[TASK TO CARRY OUT] Pictures are to be dropped from the copy. Retype the listing exactly.

[DATA LISTING]
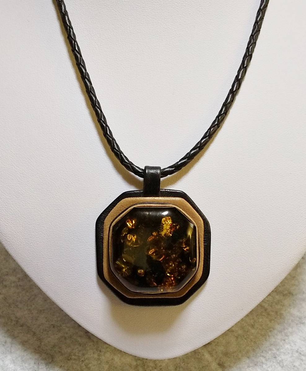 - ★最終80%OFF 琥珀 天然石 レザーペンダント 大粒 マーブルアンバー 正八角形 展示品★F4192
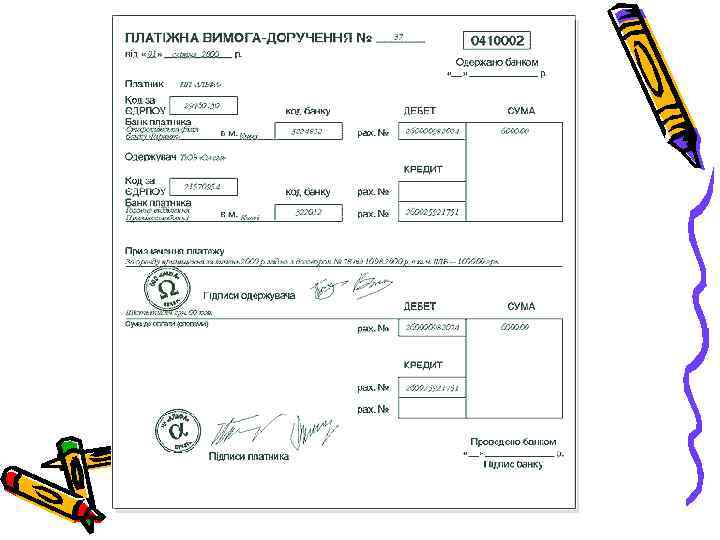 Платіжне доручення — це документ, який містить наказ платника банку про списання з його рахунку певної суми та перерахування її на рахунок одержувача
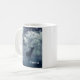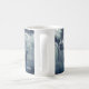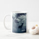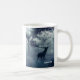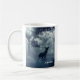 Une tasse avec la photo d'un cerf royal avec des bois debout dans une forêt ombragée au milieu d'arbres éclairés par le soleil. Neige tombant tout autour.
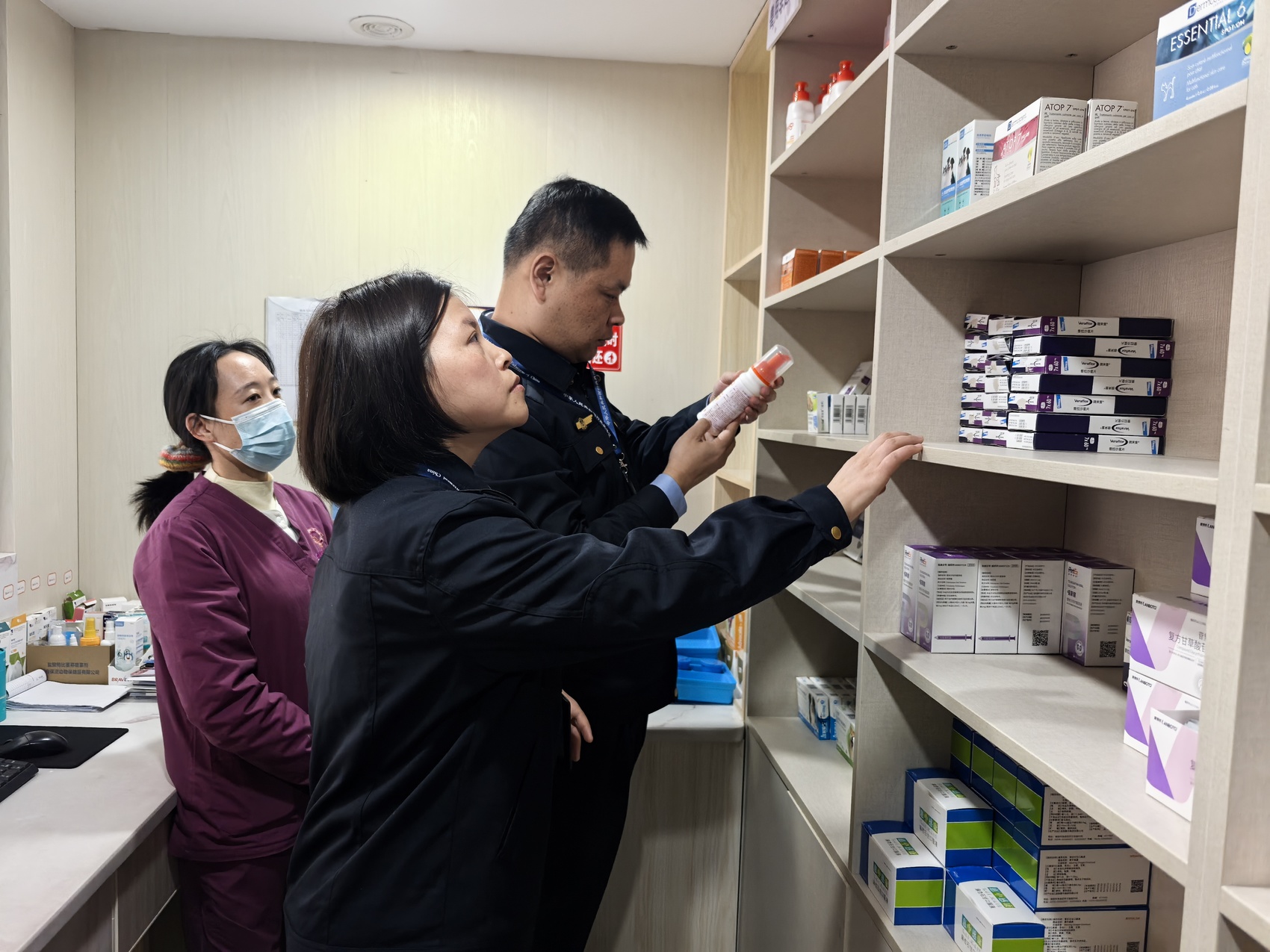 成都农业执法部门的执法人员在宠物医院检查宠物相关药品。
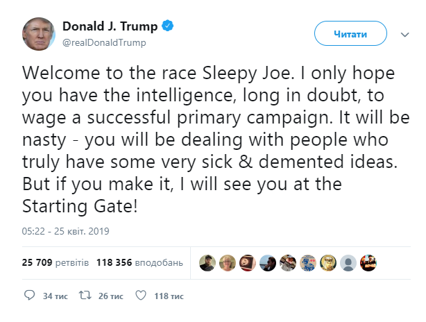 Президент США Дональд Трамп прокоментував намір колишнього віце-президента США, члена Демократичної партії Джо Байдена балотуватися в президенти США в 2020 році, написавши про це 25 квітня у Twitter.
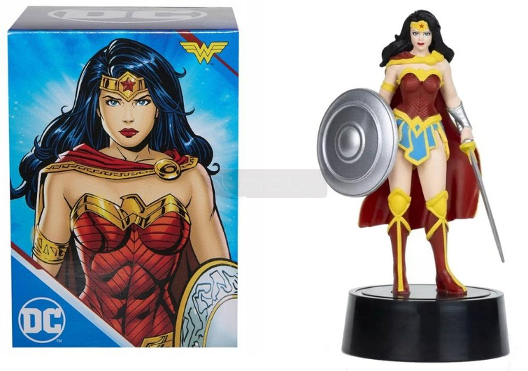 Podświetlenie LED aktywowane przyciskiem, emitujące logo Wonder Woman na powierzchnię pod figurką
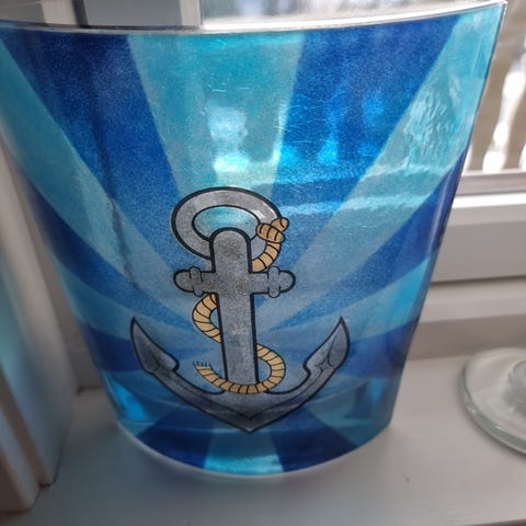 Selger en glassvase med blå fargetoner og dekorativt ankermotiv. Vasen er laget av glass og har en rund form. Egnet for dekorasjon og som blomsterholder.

[ANSWER TO THIS EXERCISE]
 - ★最終80%OFF 琥珀 天然石 レザーペンダント 大粒 マーブルアンバー 正八角形 展示品★F4192
 Платіжне доручення — це документ, який містить наказ платника банку про списання з його рахунку певної суми та перерахування її на рахунок одержувача
 Une tasse avec la photo d'un cerf royal avec des bois debout dans une forêt ombragée au milieu d'arbres éclairés par le soleil. Neige tombant tout autour.
 成都农业执法部门的执法人员在宠物医院检查宠物相关药品。
 Президент США Дональд Трамп прокоментував намір колишнього віце-президента США, члена Демократичної партії Джо Байдена балотуватися в президенти США в 2020 році, написавши про це 25 квітня у Twitter.
 Podświetlenie LED aktywowane przyciskiem, emitujące logo Wonder Woman na powierzchnię pod figurką
 Selger en glassvase med blå fargetoner og dekorativt ankermotiv. Vasen er laget av glass og har en rund form. Egnet for dekorasjon og som blomsterholder.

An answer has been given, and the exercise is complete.